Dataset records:
----------
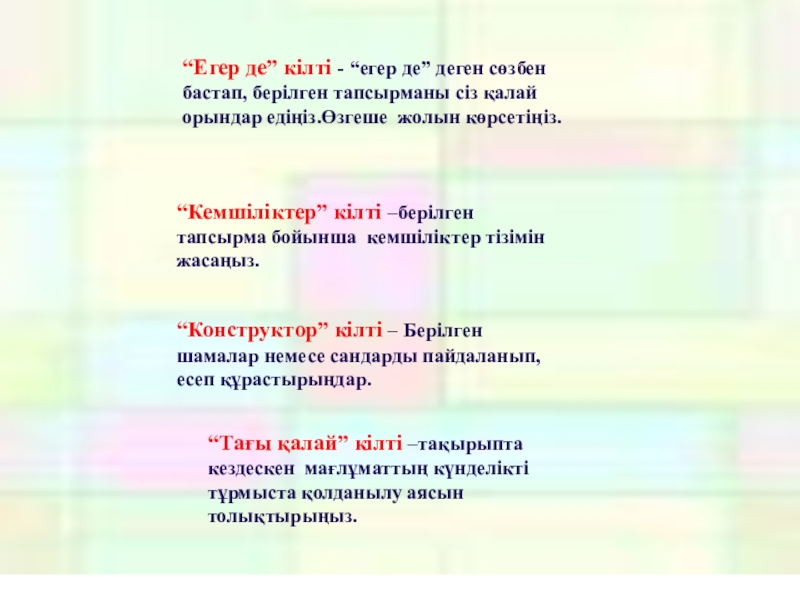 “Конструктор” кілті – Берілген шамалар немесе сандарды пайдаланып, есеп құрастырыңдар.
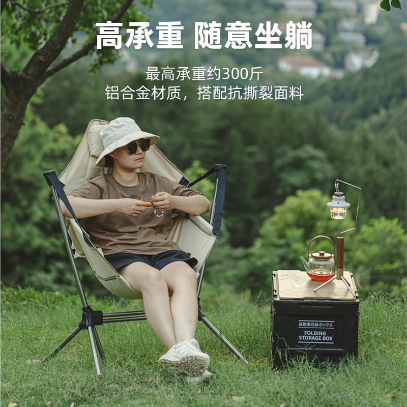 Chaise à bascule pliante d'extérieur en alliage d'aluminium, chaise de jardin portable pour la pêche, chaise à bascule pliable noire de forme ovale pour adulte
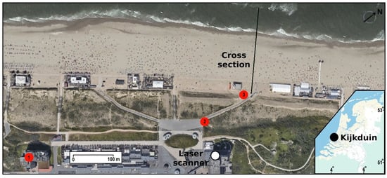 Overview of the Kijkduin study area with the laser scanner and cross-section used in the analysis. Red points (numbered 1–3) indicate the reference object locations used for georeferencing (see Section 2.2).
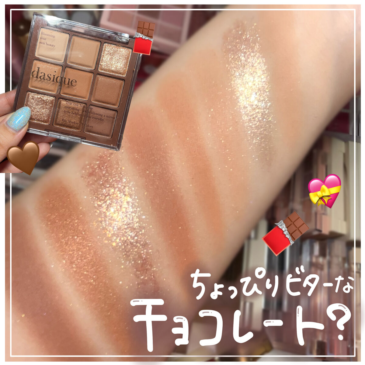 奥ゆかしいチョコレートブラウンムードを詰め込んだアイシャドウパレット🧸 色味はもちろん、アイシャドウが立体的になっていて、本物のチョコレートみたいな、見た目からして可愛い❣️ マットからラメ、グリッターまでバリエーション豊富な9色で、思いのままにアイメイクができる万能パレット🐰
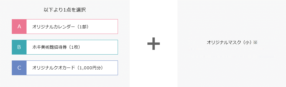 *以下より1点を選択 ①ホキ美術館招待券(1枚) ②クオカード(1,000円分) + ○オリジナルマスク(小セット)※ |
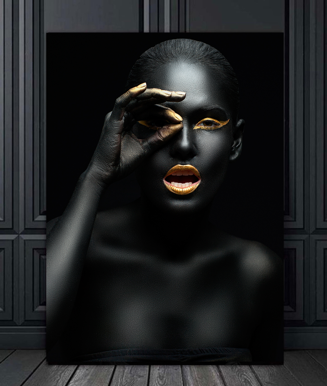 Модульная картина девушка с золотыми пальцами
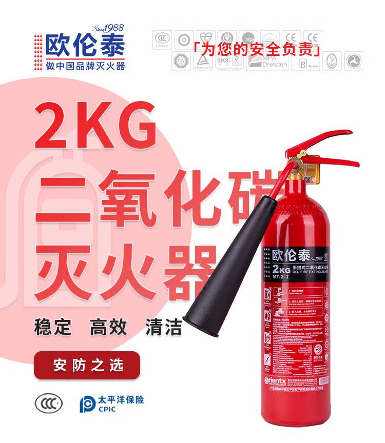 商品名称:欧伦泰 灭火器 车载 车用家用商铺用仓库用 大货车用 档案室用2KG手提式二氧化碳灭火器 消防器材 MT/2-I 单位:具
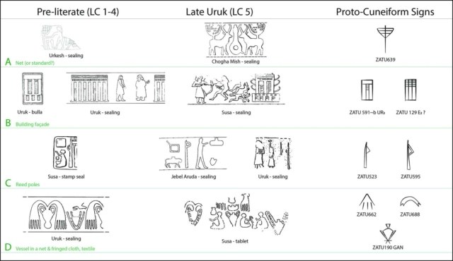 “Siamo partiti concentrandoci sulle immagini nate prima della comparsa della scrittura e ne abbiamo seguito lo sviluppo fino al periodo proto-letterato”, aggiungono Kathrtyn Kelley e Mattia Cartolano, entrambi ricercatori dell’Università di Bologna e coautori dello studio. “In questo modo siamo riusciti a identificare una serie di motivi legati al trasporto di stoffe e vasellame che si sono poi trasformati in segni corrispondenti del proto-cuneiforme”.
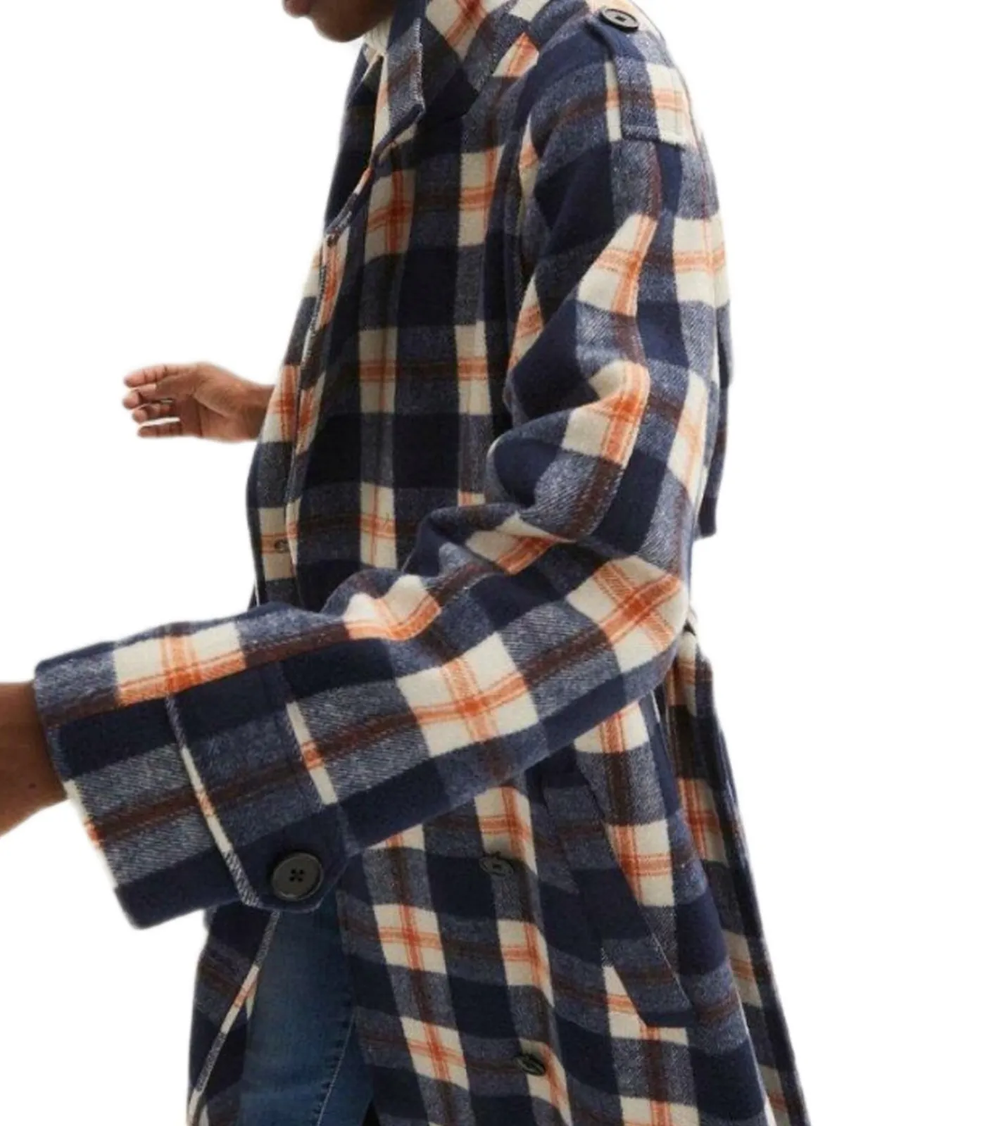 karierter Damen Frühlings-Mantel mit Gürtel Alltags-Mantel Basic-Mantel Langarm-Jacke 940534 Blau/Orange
----------
▸ Your objective
Of the lines above, quote exactly those from the one with "Модульная картина девушка" through the one with "商品名称:欧伦泰 灭火器 车载", ends included; pictures stay out.

▸ Your response
 Модульная картина девушка с золотыми пальцами
 商品名称:欧伦泰 灭火器 车载 车用家用商铺用仓库用 大货车用 档案室用2KG手提式二氧化碳灭火器 消防器材 MT/2-I 单位:具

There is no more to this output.